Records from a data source
※

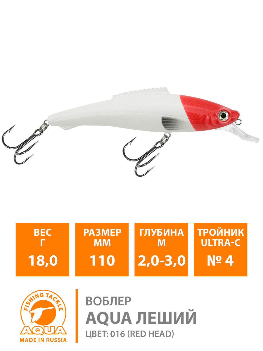 Воблер Aqua Леший плавающий 110мм 18гр 2-3м цвет 016 (red head)
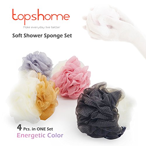 Shower Sponge, Bath Pouf Loofahs, Mesh Brush Shower Ball, Mesh Bath and Shower Sponge, Pack of 4 (Energetic color)
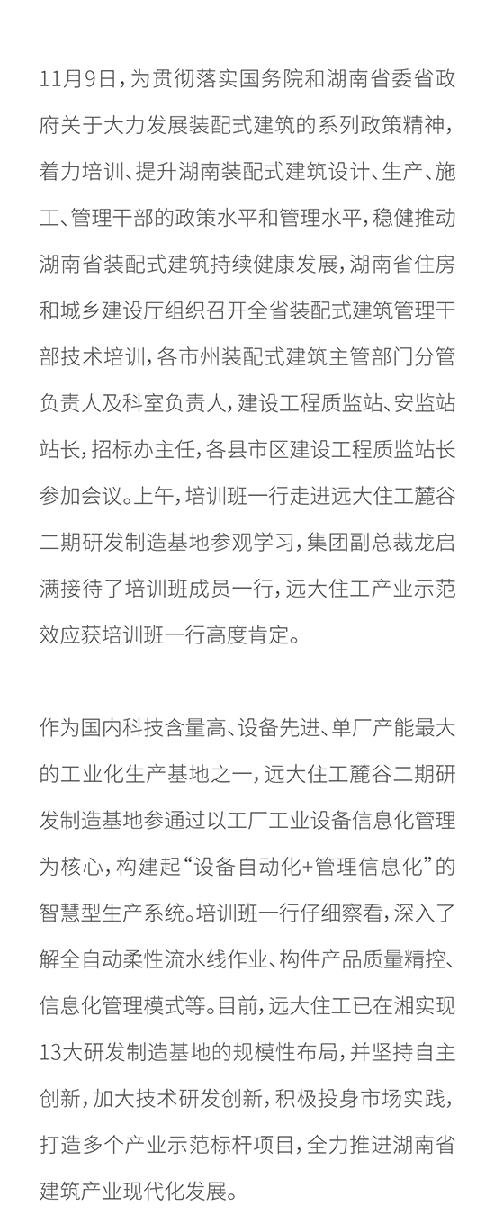 湖南省裝配式建筑管理干部技術培訓在長舉行 遠大住工產業示范效應獲肯定
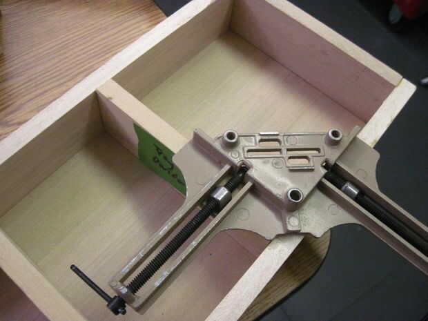 Eso es un montón de marcas, ¿EH? Lo se pronto se perforación les todos! Pero primero, vamos a golpear sobre pegamento en 3 lados de una de las piezas del "lado de la bandeja" y vamos a colocar la abrazadera lateral, de esquina y taladrar las 5 marcas y enroscar los 5 tornillos. Repetir este proceso en el otro extremo de la caja de herramientas.
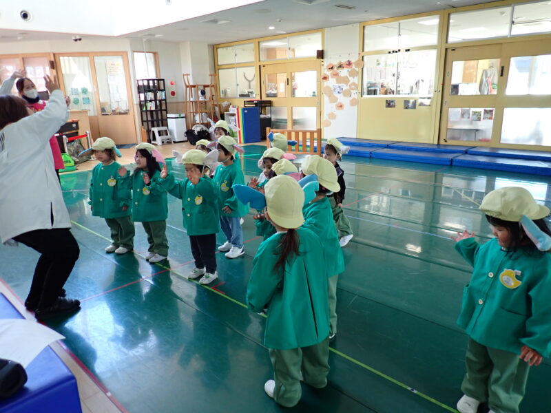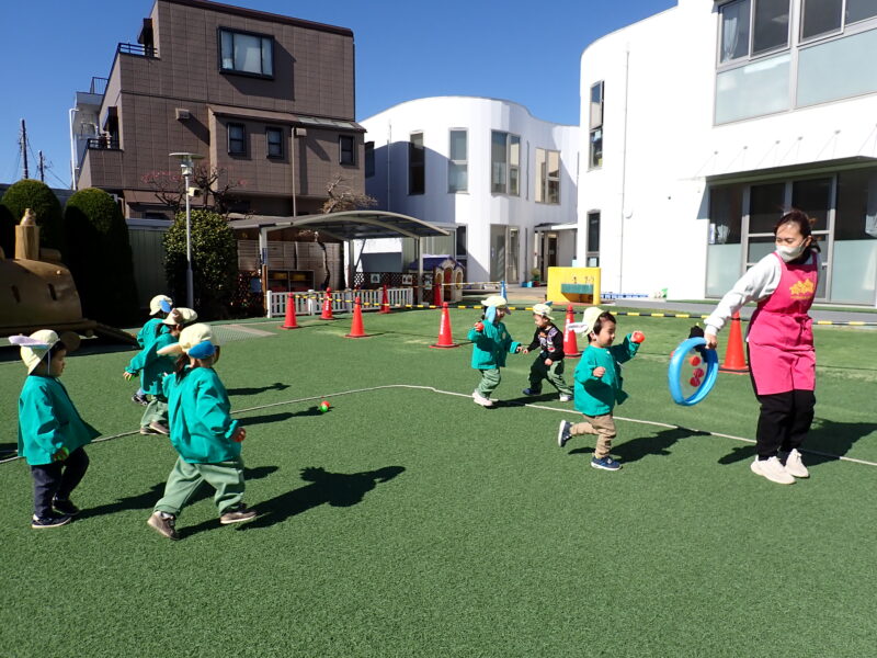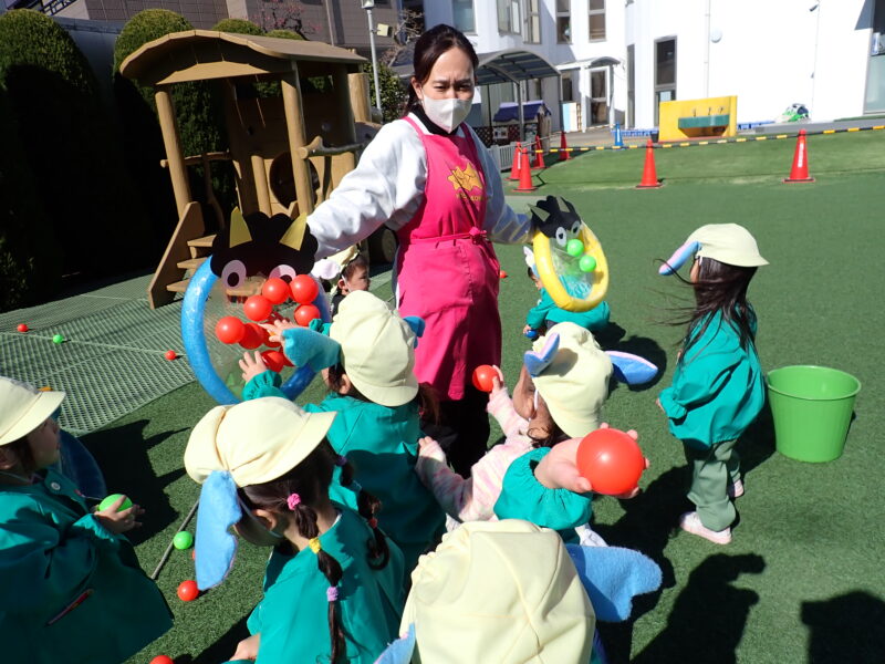 今日は【節分】みんなの中にいる鬼(イヤイヤ鬼、泣き虫鬼等)を退治しよう!「鬼は外!!」元気なかけ声と共に豪速球が飛んできました!

※

Copy each line of the records above exactly as written. Do not carry over any picture.

 Воблер Aqua Леший плавающий 110мм 18гр 2-3м цвет 016 (red head)
 Shower Sponge, Bath Pouf Loofahs, Mesh Brush Shower Ball, Mesh Bath and Shower Sponge, Pack of 4 (Energetic color)
 湖南省裝配式建筑管理干部技術培訓在長舉行 遠大住工產業示范效應獲肯定
 Eso es un montón de marcas, ¿EH? Lo se pronto se perforación les todos! Pero primero, vamos a golpear sobre pegamento en 3 lados de una de las piezas del "lado de la bandeja" y vamos a colocar la abrazadera lateral, de esquina y taladrar las 5 marcas y enroscar los 5 tornillos. Repetir este proceso en el otro extremo de la caja de herramientas.
 今日は【節分】みんなの中にいる鬼(イヤイヤ鬼、泣き虫鬼等)を退治しよう!「鬼は外!!」元気なかけ声と共に豪速球が飛んできました!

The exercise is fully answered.